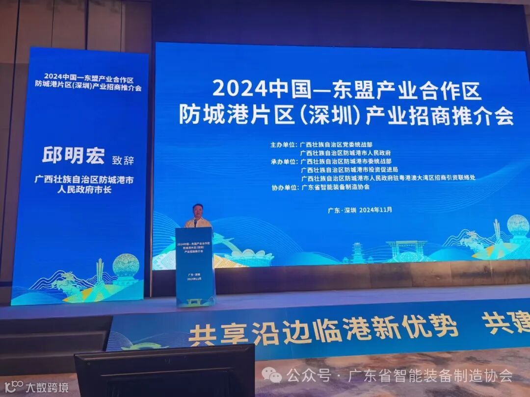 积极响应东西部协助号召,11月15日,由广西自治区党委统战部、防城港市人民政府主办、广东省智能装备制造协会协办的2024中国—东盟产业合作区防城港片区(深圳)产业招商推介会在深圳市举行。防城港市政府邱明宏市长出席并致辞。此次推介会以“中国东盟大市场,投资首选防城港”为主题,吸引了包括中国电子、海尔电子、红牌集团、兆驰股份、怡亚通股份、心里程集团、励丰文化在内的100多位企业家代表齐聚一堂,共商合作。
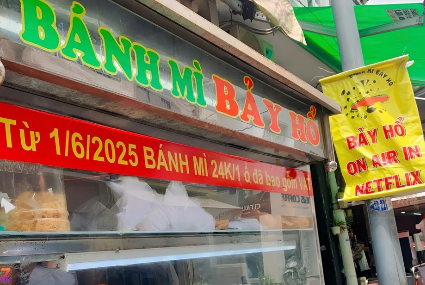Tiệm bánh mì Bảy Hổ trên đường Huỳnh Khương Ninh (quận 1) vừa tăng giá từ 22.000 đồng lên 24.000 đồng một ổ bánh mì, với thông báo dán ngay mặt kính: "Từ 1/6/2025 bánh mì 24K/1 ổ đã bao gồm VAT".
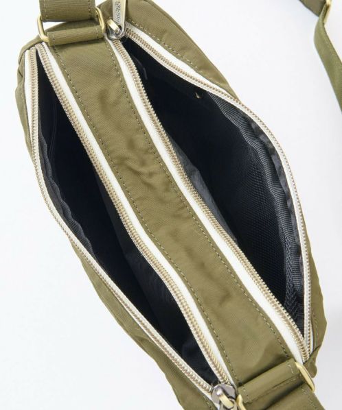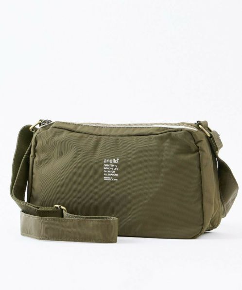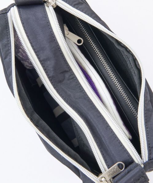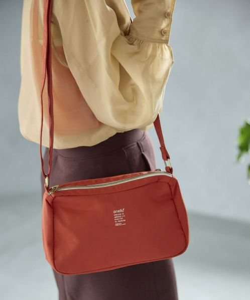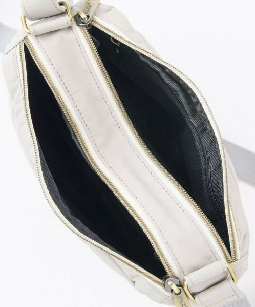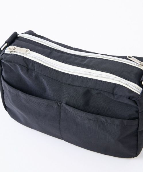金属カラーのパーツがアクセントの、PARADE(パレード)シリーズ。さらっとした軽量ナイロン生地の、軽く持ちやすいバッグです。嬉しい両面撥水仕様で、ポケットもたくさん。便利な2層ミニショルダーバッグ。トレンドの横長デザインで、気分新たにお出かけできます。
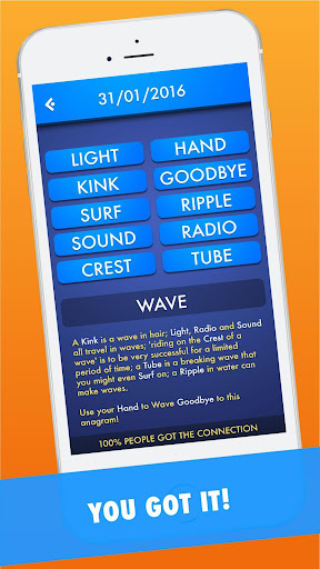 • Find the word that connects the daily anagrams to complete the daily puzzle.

* * *

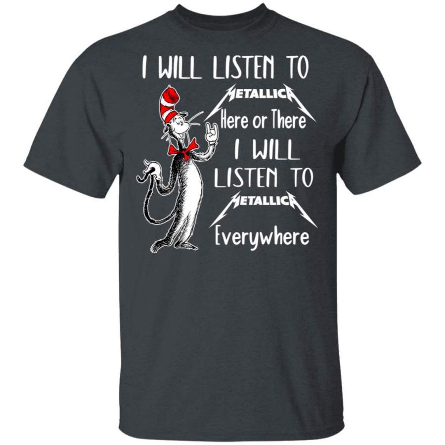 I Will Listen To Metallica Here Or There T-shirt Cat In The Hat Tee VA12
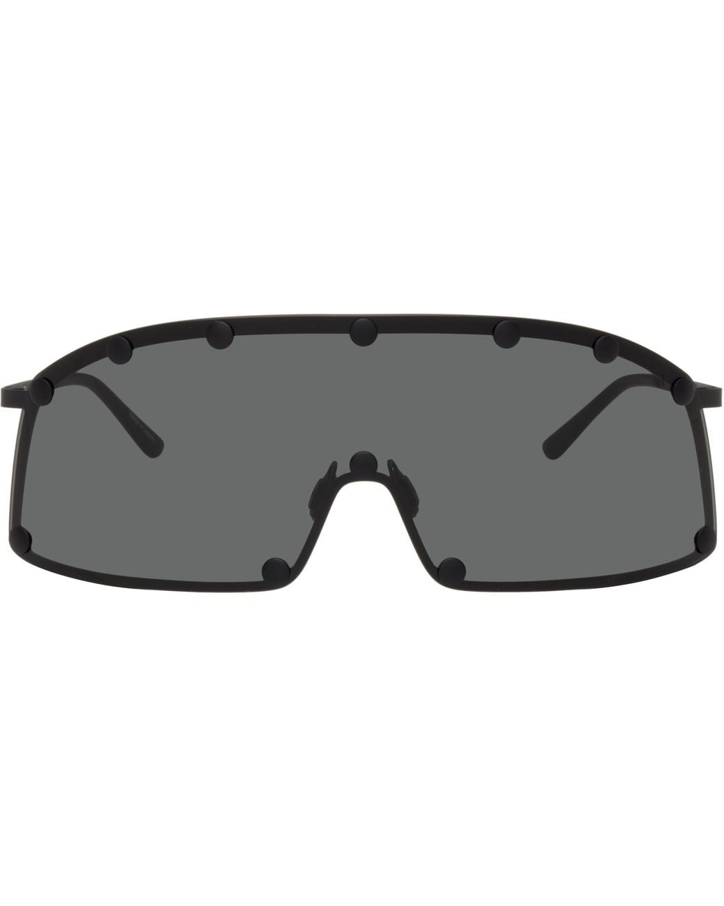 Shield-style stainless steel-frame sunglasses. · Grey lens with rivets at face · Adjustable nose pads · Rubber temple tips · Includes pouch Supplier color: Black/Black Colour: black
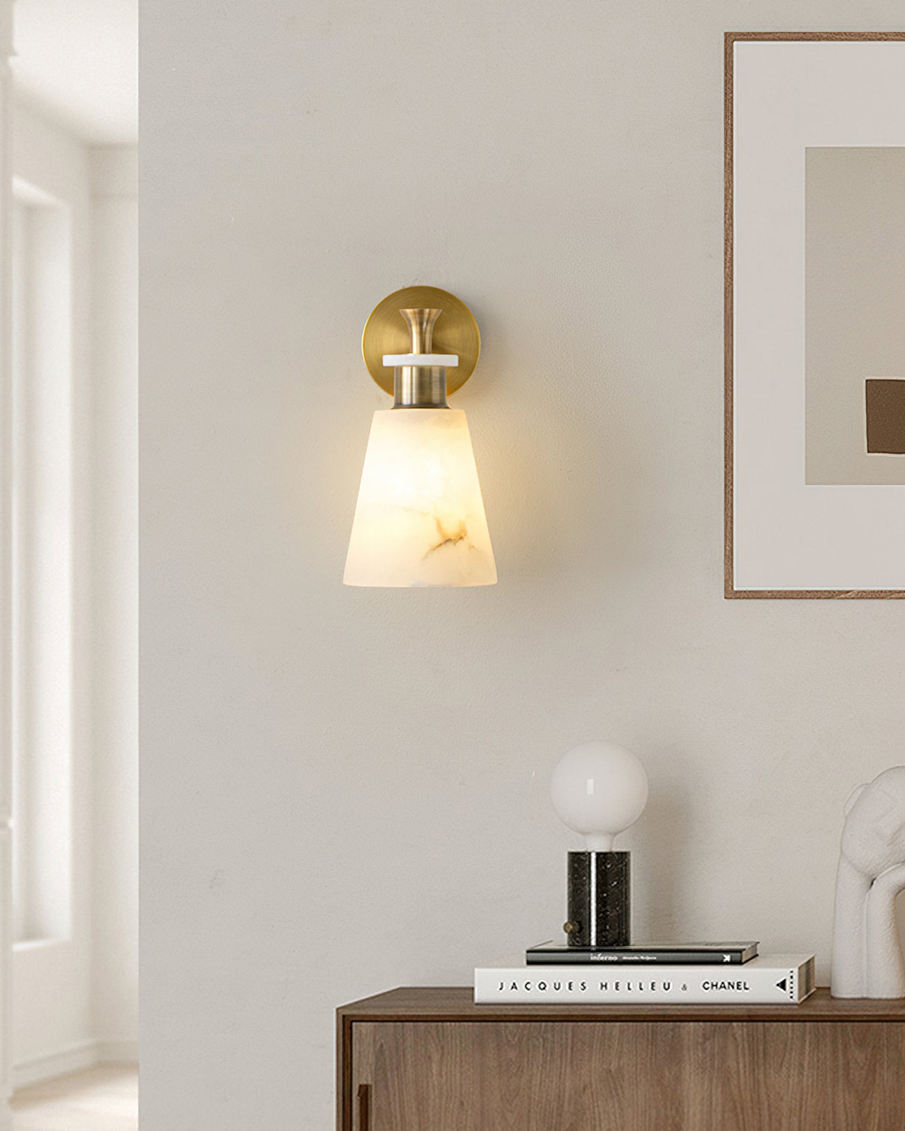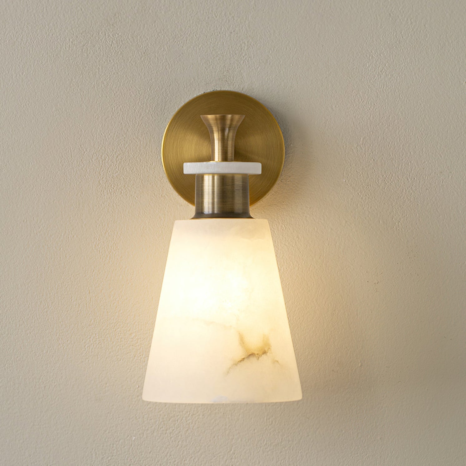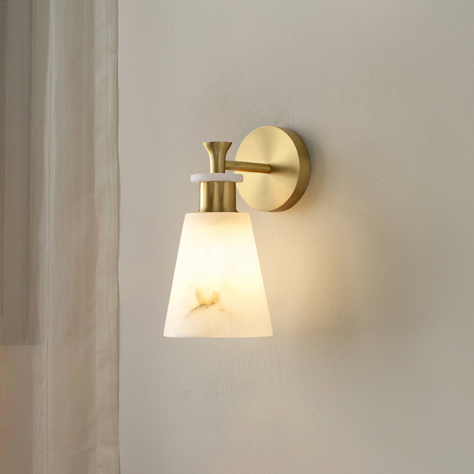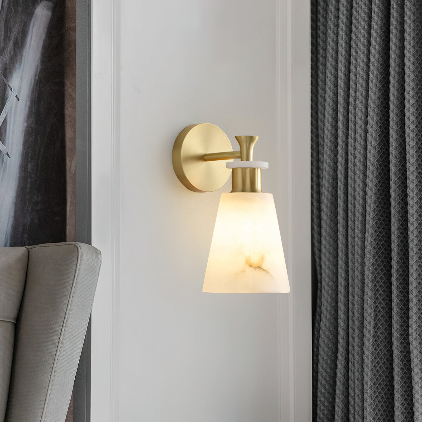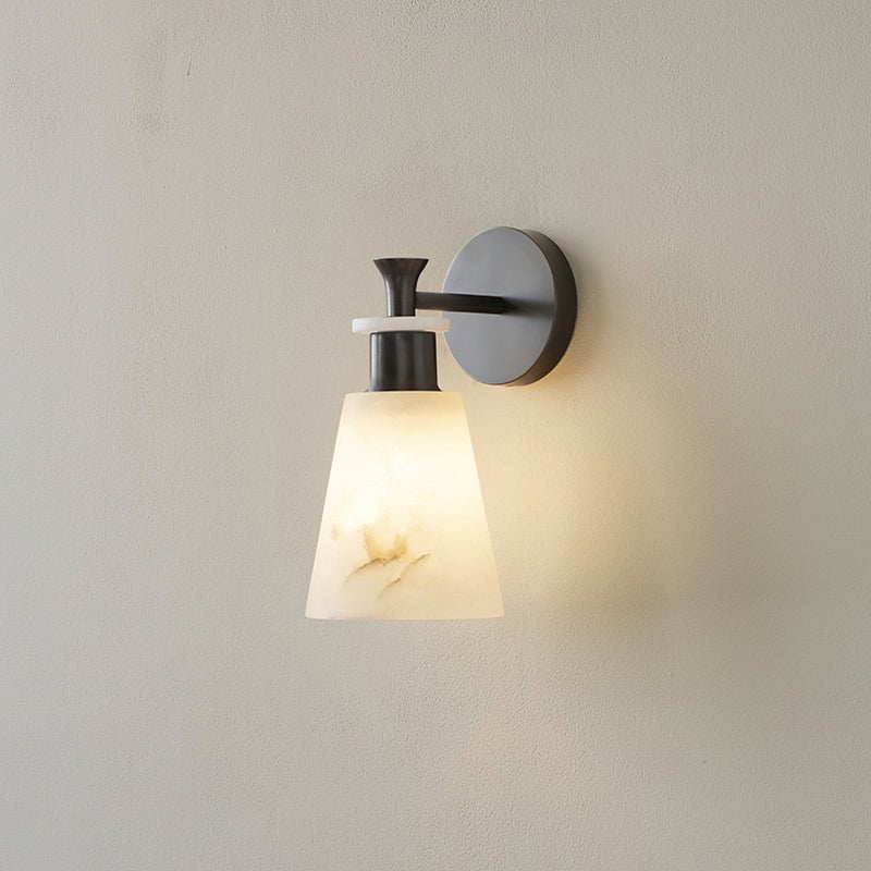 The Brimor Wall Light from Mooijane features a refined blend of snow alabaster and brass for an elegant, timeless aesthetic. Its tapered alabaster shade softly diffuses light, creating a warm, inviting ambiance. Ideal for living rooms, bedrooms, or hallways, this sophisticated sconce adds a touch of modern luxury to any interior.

Exercise prompt: Output only the stretch above from the line with "积极响应东西部协助号召,11" through the line with "the daily puzzle.", reproduced exactly. Exclude pictures.

Answer to this task:
 积极响应东西部协助号召,11月15日,由广西自治区党委统战部、防城港市人民政府主办、广东省智能装备制造协会协办的2024中国—东盟产业合作区防城港片区(深圳)产业招商推介会在深圳市举行。防城港市政府邱明宏市长出席并致辞。此次推介会以“中国东盟大市场,投资首选防城港”为主题,吸引了包括中国电子、海尔电子、红牌集团、兆驰股份、怡亚通股份、心里程集团、励丰文化在内的100多位企业家代表齐聚一堂,共商合作。
Tiệm bánh mì Bảy Hổ trên đường Huỳnh Khương Ninh (quận 1) vừa tăng giá từ 22.000 đồng lên 24.000 đồng một ổ bánh mì, với thông báo dán ngay mặt kính: "Từ 1/6/2025 bánh mì 24K/1 ổ đã bao gồm VAT".
金属カラーのパーツがアクセントの、PARADE(パレード)シリーズ。さらっとした軽量ナイロン生地の、軽く持ちやすいバッグです。嬉しい両面撥水仕様で、ポケットもたくさん。便利な2層ミニショルダーバッグ。トレンドの横長デザインで、気分新たにお出かけできます。
 • Find the word that connects the daily anagrams to complete the daily puzzle.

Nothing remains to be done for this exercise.